Damn, and here I thought I did good. I mean sure, it was better than nothing at all, which is scary to think about, but it was clearly not tolerated. My diagnosis was changed to "Severe Complex Sleep Apnea", and sleep study #3 was scheduled for last week. That time, I used a BiPap, and the following Monday, I got a call from my home health care company telling me they were going through insurance company pre-authorization for my BiPap unit (the doctor hadn't called me yet). Today, I was given the results (apparently bilevel pressure of 12 and 9 was perfect, with an AHI score of 0), and picked up my unit (which is considerably more expensive than a standard CPAP device).

So you may be wondering: "Hey, what is a BiPap? I've heard of CPAPs, those just blow air into your nose all the time to keep your airway open, but I've not heard of a BiPap before."

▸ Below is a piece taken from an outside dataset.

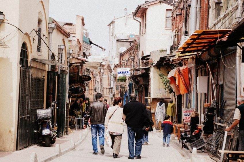 | Eğer ana caddeden içeriye girer ve Leblebiciler Caddesi boyunca yürürseniz farklı zaman dilimlerinden kalan binalara yerleşmiş, iki sokağa yayılmış küçük dükkanlarla dolu eski bir çarşıya ulaşırsınız. Burası Çıfıt yani Yahudi Çarşısı’dır ve şarkılara konu olmuş Agora Meyhanesi’ne de ev sahipliği yapar. Burada Bulgaristan’ın Yanbol kasabasından gelen cemaatin yaptırdığı Yanbol Sinagogu’nun girişini de göreceksiniz. İstanbul’da orijinal ahşap tonoza sahip tek sinagog olarak bilinen bina, 1895 yılında 300 kişinin aynı anda ibadet edebileceği büyüklükte yapılmış. Balat adeta bir atölye; burası fotoğraf sanatını öğrenmek isteyen herkesin en az bir kez uğradığı, profesyonelce poz vermeyi çoktan öğrenmiş çocukların gönüllü asistanlığı ile ilk fotoğrafların çekildiği yer. |

A BiPap works by detecting your breathing cycles. Where a CPAP mask basically leaks any air you're not currently breathing in, and normal people can just breathe against the pressure, I can't. The BiPap detects that I'm no longer breathing in, and switches the pressure to a lower value – enough to keep the airway slightly open, but not so much that I can't breathe out. It then waits for negative pressure in the mask, and switches the pressure up at that point. If I fail to breathe in a certain amount of time, it kicks on the pressure anyway, assuming my airway is blocked, or I'm undergoing a central apnea.

I'm really excited tonight. It may be the first time I've slept well since I was 15, when I first started complaining to doctors about being tired all the time, and the doctors checked every possible thing, but never referred me to a sleep doctor.

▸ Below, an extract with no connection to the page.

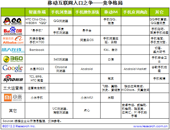 從下表中可看出,騰訊、百度、阿里巴巴、盛大、谷歌、新浪、三大運(yùn)營商和小米科技在移動(dòng)終端硬件和軟件上都有布局,而根據(jù)各家的不同優(yōu)勢,幾乎都有至少一個(gè)用戶量級(jí)、影響力發(fā)展的較好的應(yīng)用軟件,如騰訊的手機(jī)QQ、微信,百度的手機(jī)搜索、手機(jī)地圖,阿里巴巴的手機(jī)淘寶、手機(jī)支付寶,盛大的Bambook、切客,360的手機(jī)安全衛(wèi)士,谷歌的Android系統(tǒng)、Chrome瀏覽器,新浪的手機(jī)微博,三大運(yùn)營商的定制手機(jī),小米的小米手機(jī)、米聊。

2 thoughts on “Doctor, my wife tells me I stop breathing in my sleep. A lot.”

  1. Pretty cool stuff. My mom had a sleep study done once and had the CPAP thing going for a bit it was pretty neat! Hope you sleep better now!

    1. I have high hopes. I know it takes some adjustment to get used to, but I felt pretty good after the last study (though I had lots of various apneas during it while they were doing titration) so I'm cautiously optimistic.